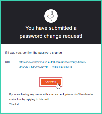 Click the Confirm button in the email. The Postsale Change Your Password page will open in a new browser tab.
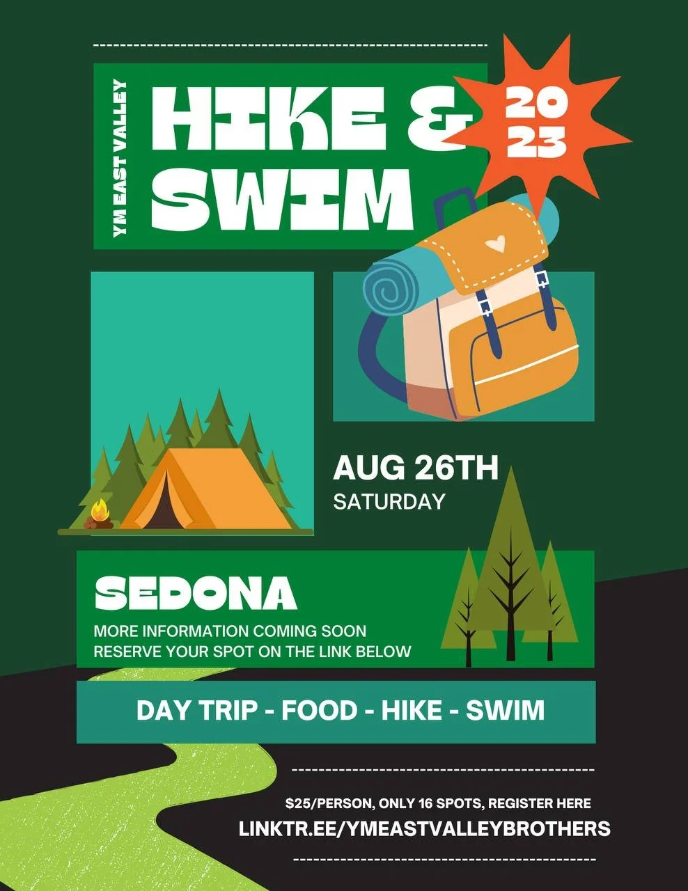 YM East Valley - Hike & Swim 2023 Saturday, August 26, 2023 7:00 AM 8:00 PM 07:00 20:00 Google Calendar ICS View fullsize Saturday, August 26, 2023 Direction: SedonaRegistration: For brothers ages 15-25: https://linktr.ee/ymeastvalleybrothers
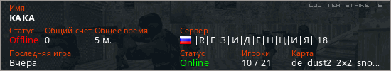 Играет на Counter Strike 1.6 сервере. Страна: РоссияПервый раз замечен 14:42 15.01.2026
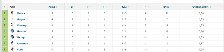 Таблица, где учитываются только матчи между топ-клубами Серии А
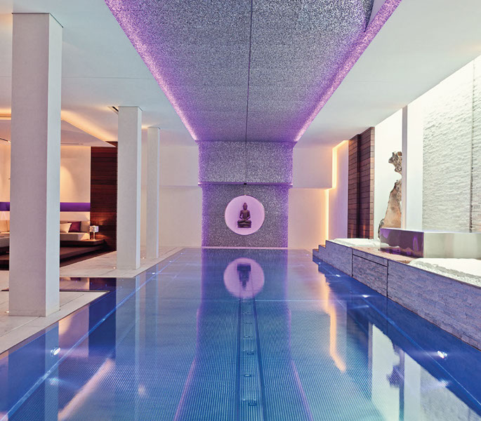 Bei diesem hochwertigen Objekt verwendeten wir im Steinbruch vorsortiertes weißes Natursteinmaterial mit den unterschiedlichsten Oberflächen, wie z. B. geschliffen, gestockt, gespalten und gebürstet.
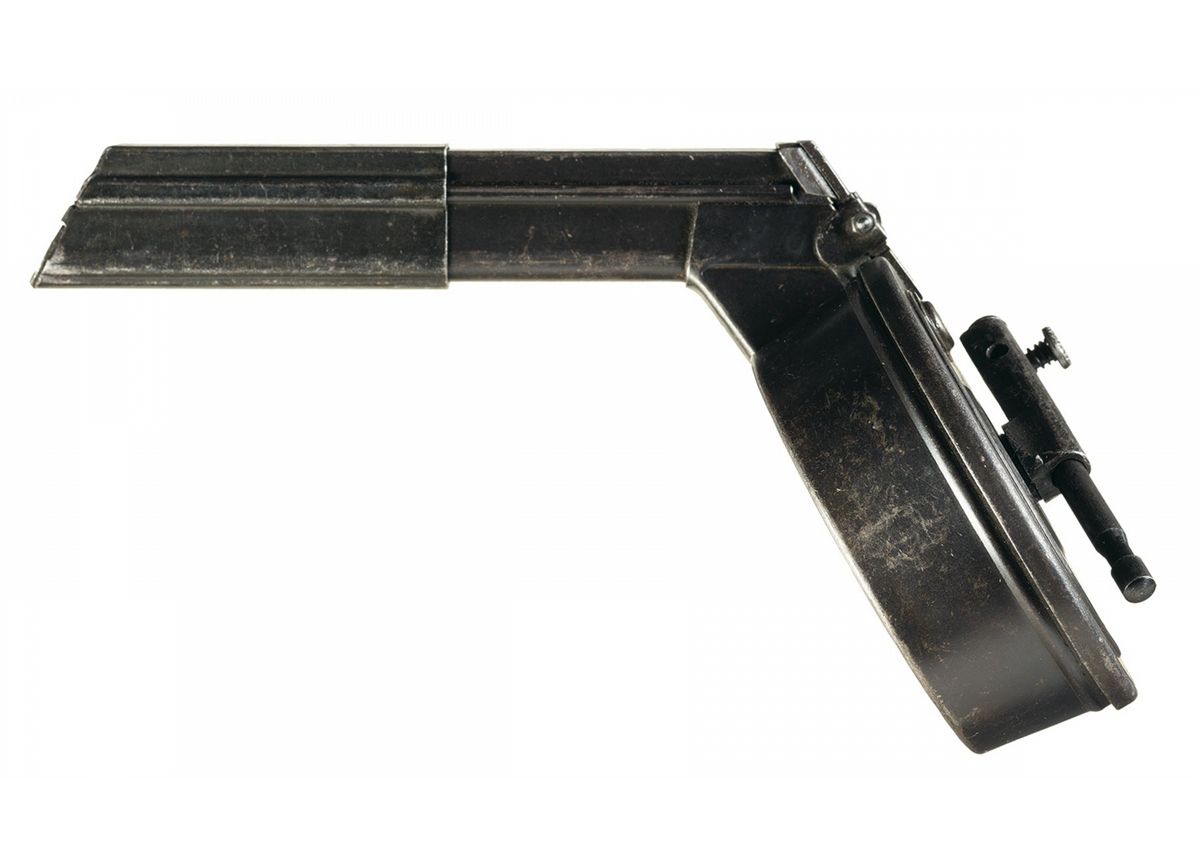 Outfitted with the early telescoping winding lever, with the serial number "60551" on the unribbed top and lightly ribbed bottom, a makers mark of 3 small hexagons inside a larger hexagon on the bottom, "backwards J" and "E B" on the side of the lever and "GERMANY" on the bottom. The hexagonal proof is associated with AEG (Allgemeine Elektricitaets-Gesellschaft, or General Electric Company), a Berlin firm that chiefly produced electrical equipment, but also manufactured military equipment such as multi-engine tactical bombers. The bottom also has the cartridge counter markings around the circumference. With a stamped sheet metal dust cover, also bearing the AEG hexagon stamp.

* **What you have to do**
If an entry holds a picture, leave the picture out and repeat the rest exactly.

* **Written answer**
 Click the Confirm button in the email. The Postsale Change Your Password page will open in a new browser tab.
 YM East Valley - Hike & Swim 2023 Saturday, August 26, 2023 7:00 AM 8:00 PM 07:00 20:00 Google Calendar ICS View fullsize Saturday, August 26, 2023 Direction: SedonaRegistration: For brothers ages 15-25: https://linktr.ee/ymeastvalleybrothers
 Играет на Counter Strike 1.6 сервере. Страна: РоссияПервый раз замечен 14:42 15.01.2026
 Таблица, где учитываются только матчи между топ-клубами Серии А
 Bei diesem hochwertigen Objekt verwendeten wir im Steinbruch vorsortiertes weißes Natursteinmaterial mit den unterschiedlichsten Oberflächen, wie z. B. geschliffen, gestockt, gespalten und gebürstet.
 Outfitted with the early telescoping winding lever, with the serial number "60551" on the unribbed top and lightly ribbed bottom, a makers mark of 3 small hexagons inside a larger hexagon on the bottom, "backwards J" and "E B" on the side of the lever and "GERMANY" on the bottom. The hexagonal proof is associated with AEG (Allgemeine Elektricitaets-Gesellschaft, or General Electric Company), a Berlin firm that chiefly produced electrical equipment, but also manufactured military equipment such as multi-engine tactical bombers. The bottom also has the cartridge counter markings around the circumference. With a stamped sheet metal dust cover, also bearing the AEG hexagon stamp.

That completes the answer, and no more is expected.